Start of RECORD EXCERPTS

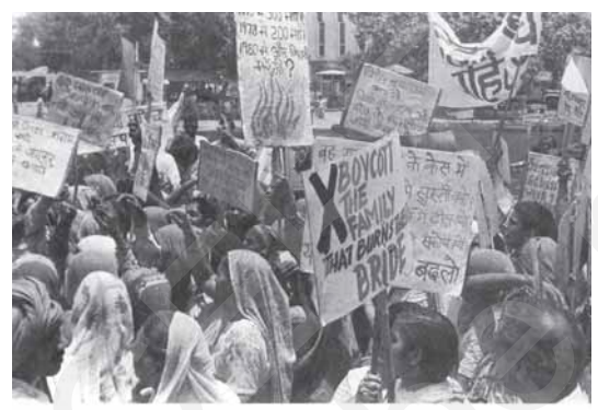
Struggle against Dowry

Apart from organisational changes, there were new issues that were focussed upon. For instance, violence against women. Over the years there have been numerous campaigns that have been taken up. You may have noticed that application for school forms have both father's and mother's names. This was not always true. Likewise important legal changes have taken place thanks to the campaign by the women's movement. Issues of land rights, employment have been fought alongside rights against sexual harassment and dowry.
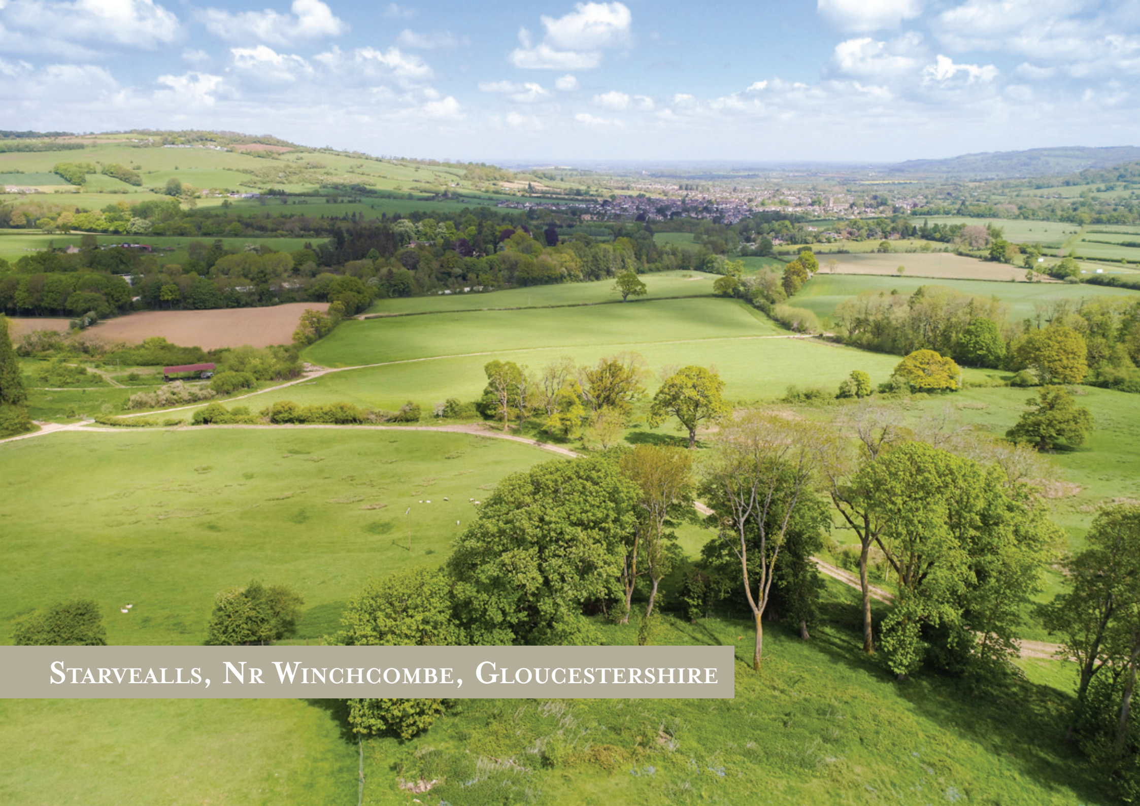
STARVEALLS, NR WINCHCOMBE, GLOUCESTERSHIRE
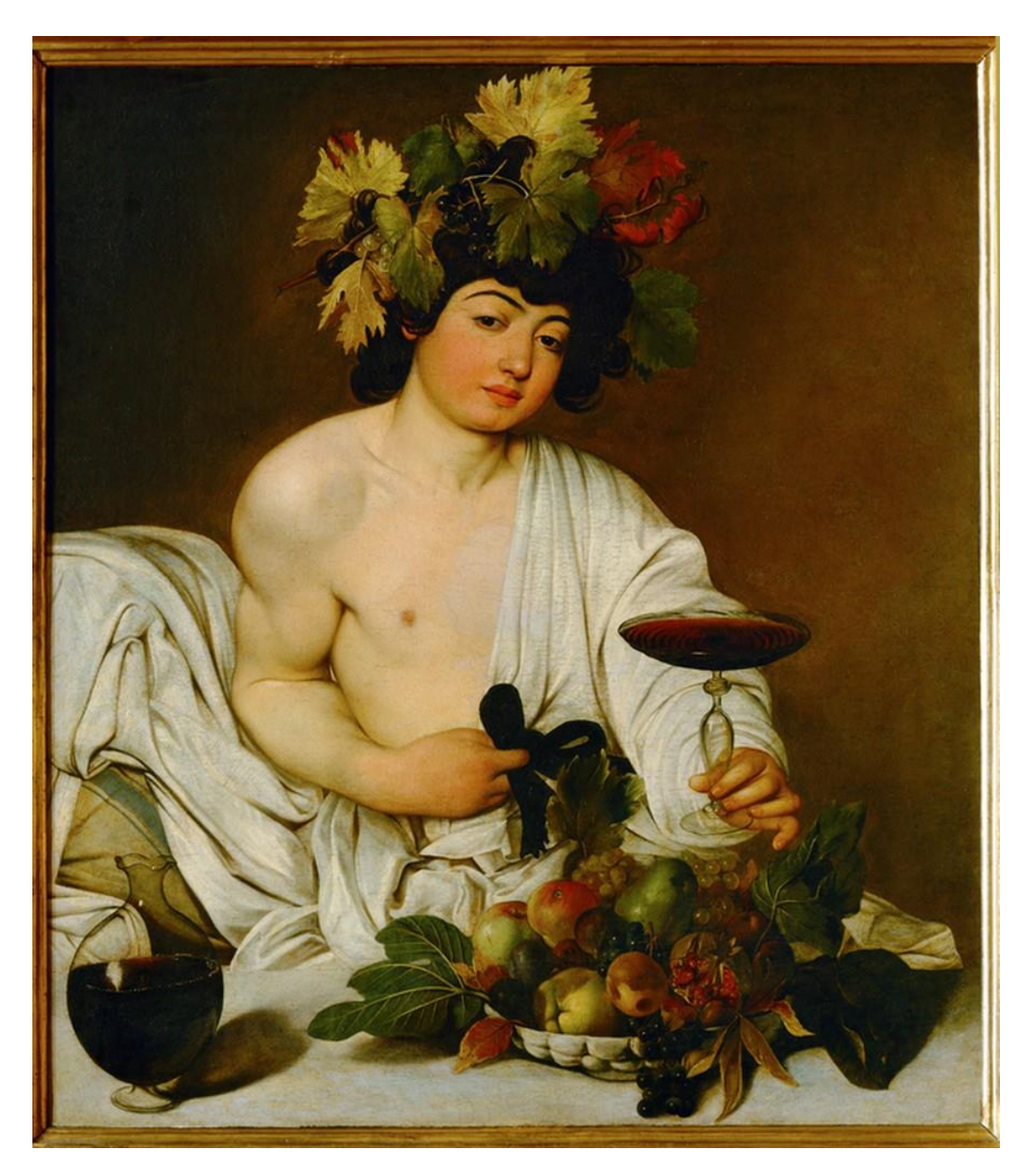
Fig. 3. Caravaggio, Bacchus,\,1597. Oil on canvas, 95 cm x 85 cm. Ufizi, Florence.
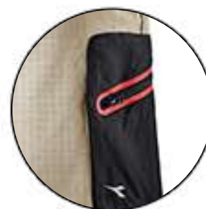
SIDE ZIPPED POCKET
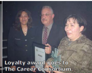
Loyalty award goes to The Career Consortium.

CareerJunction announced the winners of the first ever Career Seekers Choice Recruiter of the Year Award at a cocktail function in Johannesburg on 18 August 2004.
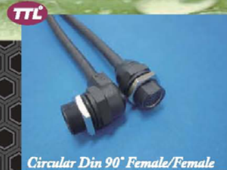
Circular Din 90° Female/Female
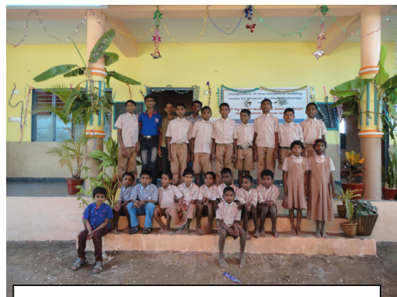
“Children team at orphanage building”

End of RECORD EXCERPTS

**INSTRUCTIONS TO FOLLOW:**
Treating the line with "SIDE ZIPPED POCKET" as the last line to include, retype the records exactly from their first line, excluding pictures.

**SOLUTION:**
Struggle against Dowry

Apart from organisational changes, there were new issues that were focussed upon. For instance, violence against women. Over the years there have been numerous campaigns that have been taken up. You may have noticed that application for school forms have both father's and mother's names. This was not always true. Likewise important legal changes have taken place thanks to the campaign by the women's movement. Issues of land rights, employment have been fought alongside rights against sexual harassment and dowry.
STARVEALLS, NR WINCHCOMBE, GLOUCESTERSHIRE
Fig. 3. Caravaggio, Bacchus,\,1597. Oil on canvas, 95 cm x 85 cm. Ufizi, Florence.
SIDE ZIPPED POCKET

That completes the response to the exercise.